Saturday, October 27, 2012

Pumpkin Whoopie Pies

It's that time of year again. Time for everything pumpkin. These soft pumpkin cookies sandwich a light and fluffy cream cheese filling. They are delicious. The original recipe is for mini whoopie pies but in order to maintain a consistent size, I used the ice cream scoop I already had. These came  out to be good sized cookies. I used a piping bag to easily add the filling to the back of half the cookies. If the filling is too soft, just refrigerate the cookies for about 20 minutes to firm it up. Recipe from

2 cups all-purpose flour
1 teaspoon baking powder
1 teaspoon baking soda
1 teaspoon ground cinnamon
1/2 teaspoon ground ginger
1/2 teaspoon salt
1/2 cup (1 stick) butter, softened
1 1/4 cups granulated sugar
2 large eggs, at room temperature, lightly beaten
1 cup LIBBY'S® 100% Pure Pumpkin
1 teaspoon vanilla extract

PREHEAT oven to 350°F. Lightly grease or line four baking sheets with parchment paper.COMBINE flour, baking powder, baking soda, cinnamon, ginger and salt in medium bowl. Beat butter and sugar in large mixer bowl on medium speed for 2 minutes. Add eggs, one at a time, beating well after each addition. Add pumpkin and vanilla extract; beat until smooth. Stir in flour mixture until combined. Drop by heaping measuring teaspoons onto prepared baking sheets. (A total of 72 cookies are needed for the recipe.)

BAKE for 10 to 13 minutes or until springy to the touch.

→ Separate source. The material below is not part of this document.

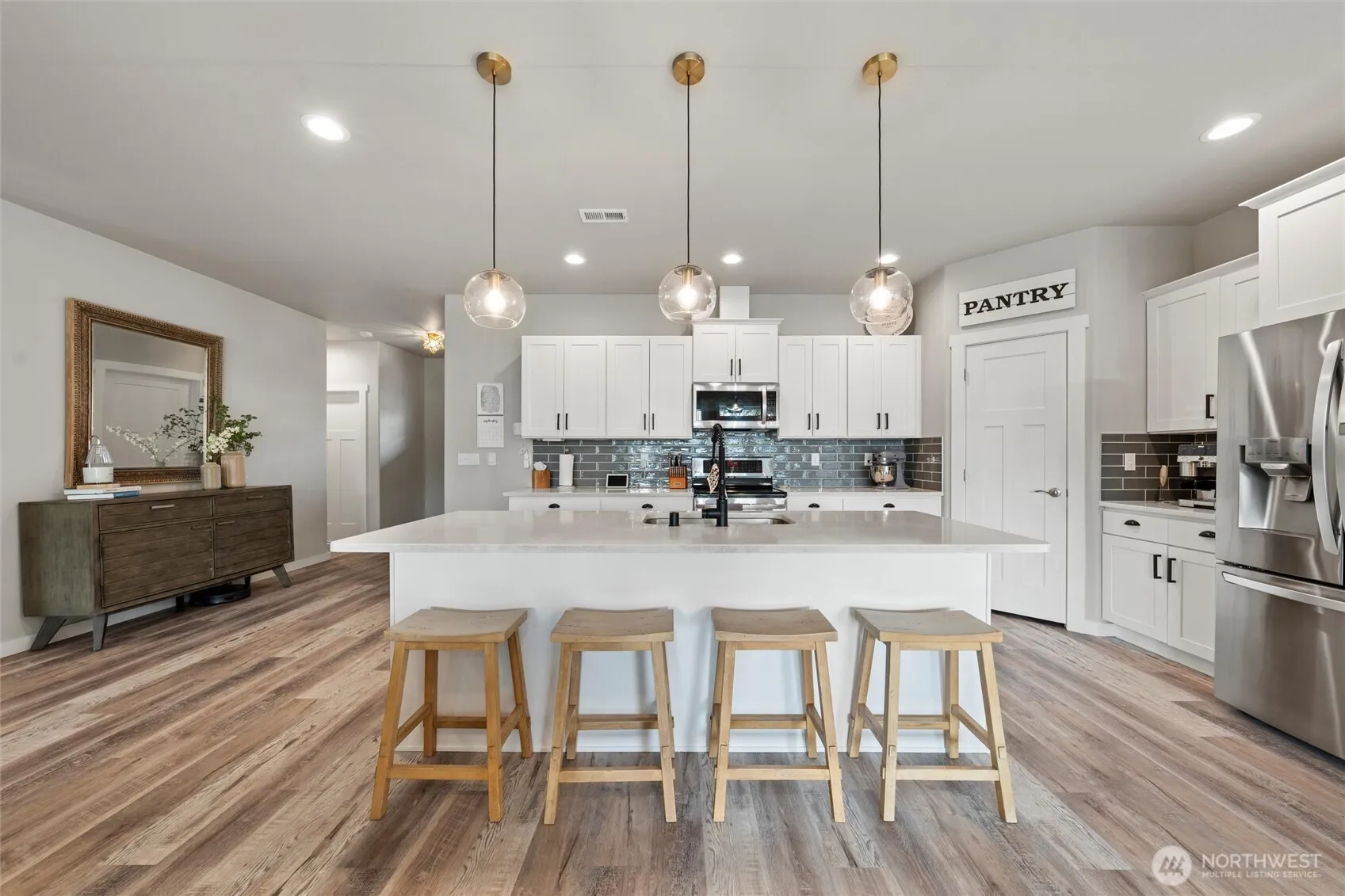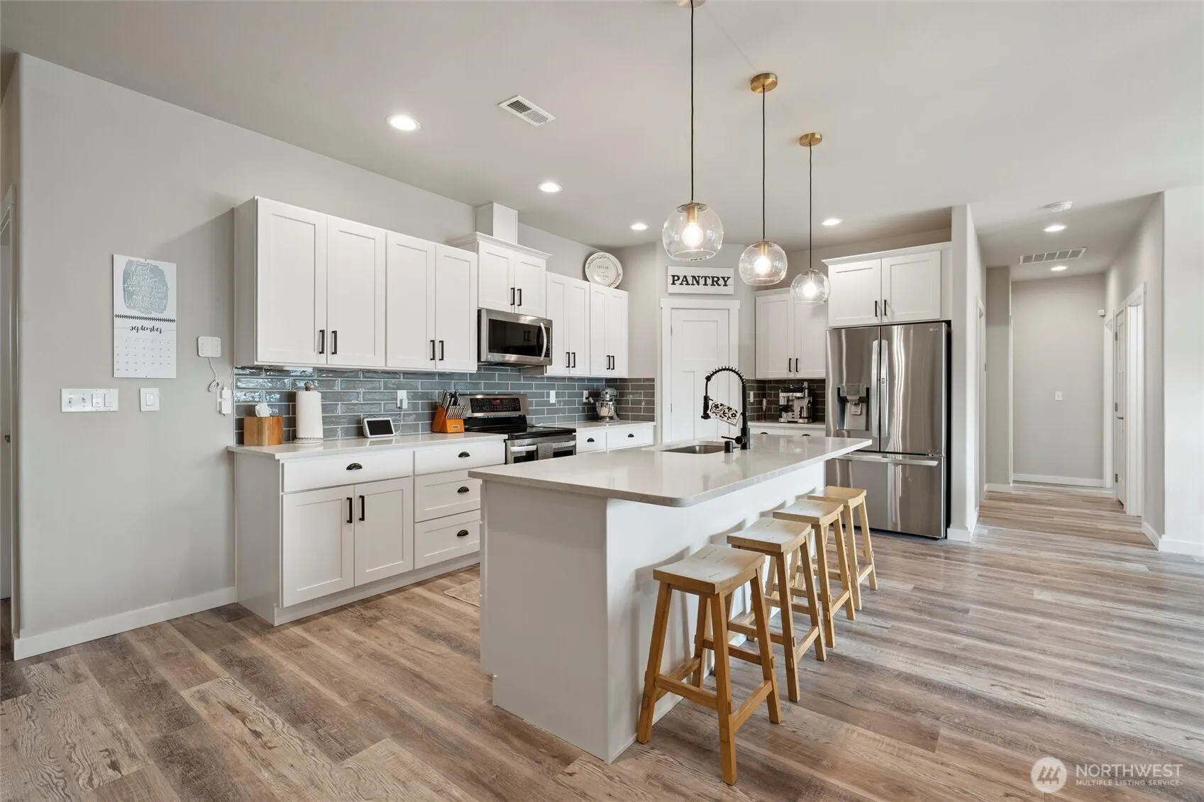 A beautifully designed 5 bed, 2 bath home that feels like new! Inside, you’ll find quartz countertops, LVP flooring throughout, and a cozy fireplace. The gourmet kitchen features stainless steel appliances, a walk-in pantry, and plenty of counter space, perfect for gatherings. The primary suite is a true retreat, complete with a walk-in tiled shower, walk-in closet, soaking tub, and dual vanity. A large laundry room with sink, counters, and cabinets makes everyday living easy. Additional highlights include a back patio with fire pit, a converted bonus room in the garage with its own mini-split system. Located in a vibrant community offering a private boat launch, park, playground, and walking trails, this home has it all, inside and out.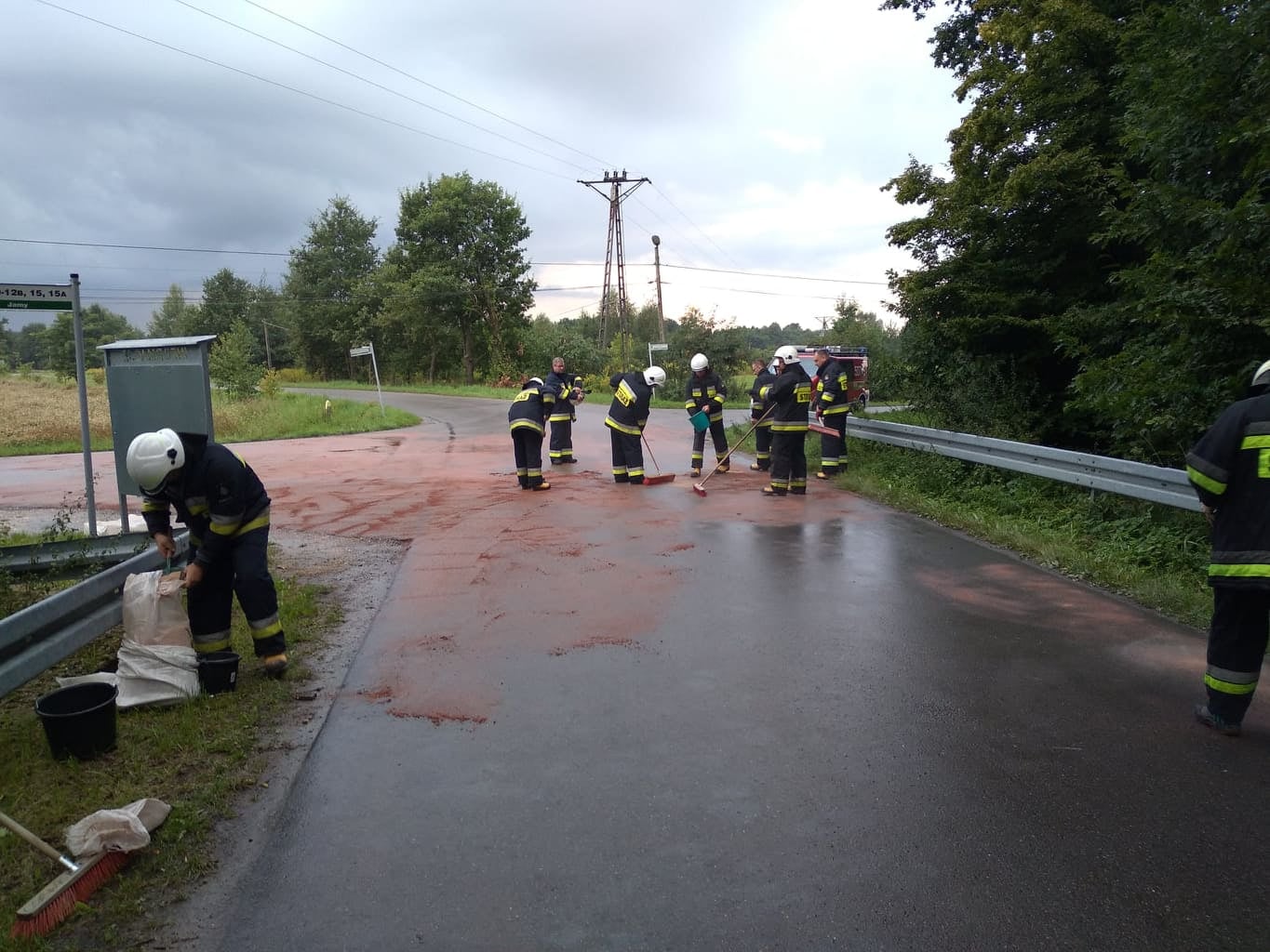 Tak było i w piątek, 27 sierpnia w miejscowości Jamy. Strażacy musieli oczyścić drogę w tej okolicy, zneutralizowali plamę z użyciem specjalnego sorbentu.

Cool on baking sheets for 5 minutes; remove to wire racks to cool completely.

4 ounces cream cheese, at room temperature
6 tablespoons butter, softened
1/2 teaspoon vanilla extract
1 1/2 cups powdered sugar

BEAT cream cheese, butter and vanilla extract in small mixer bowl on medium speed until fluffy. Gradually beat in powdered sugar until light and fluffy.SPREAD a heaping teaspoon of filling onto flat side of one cookie; top with flat side of second cookie to make a sandwich. Repeat with remaining cookies and filling. Store in covered container in refrigerator.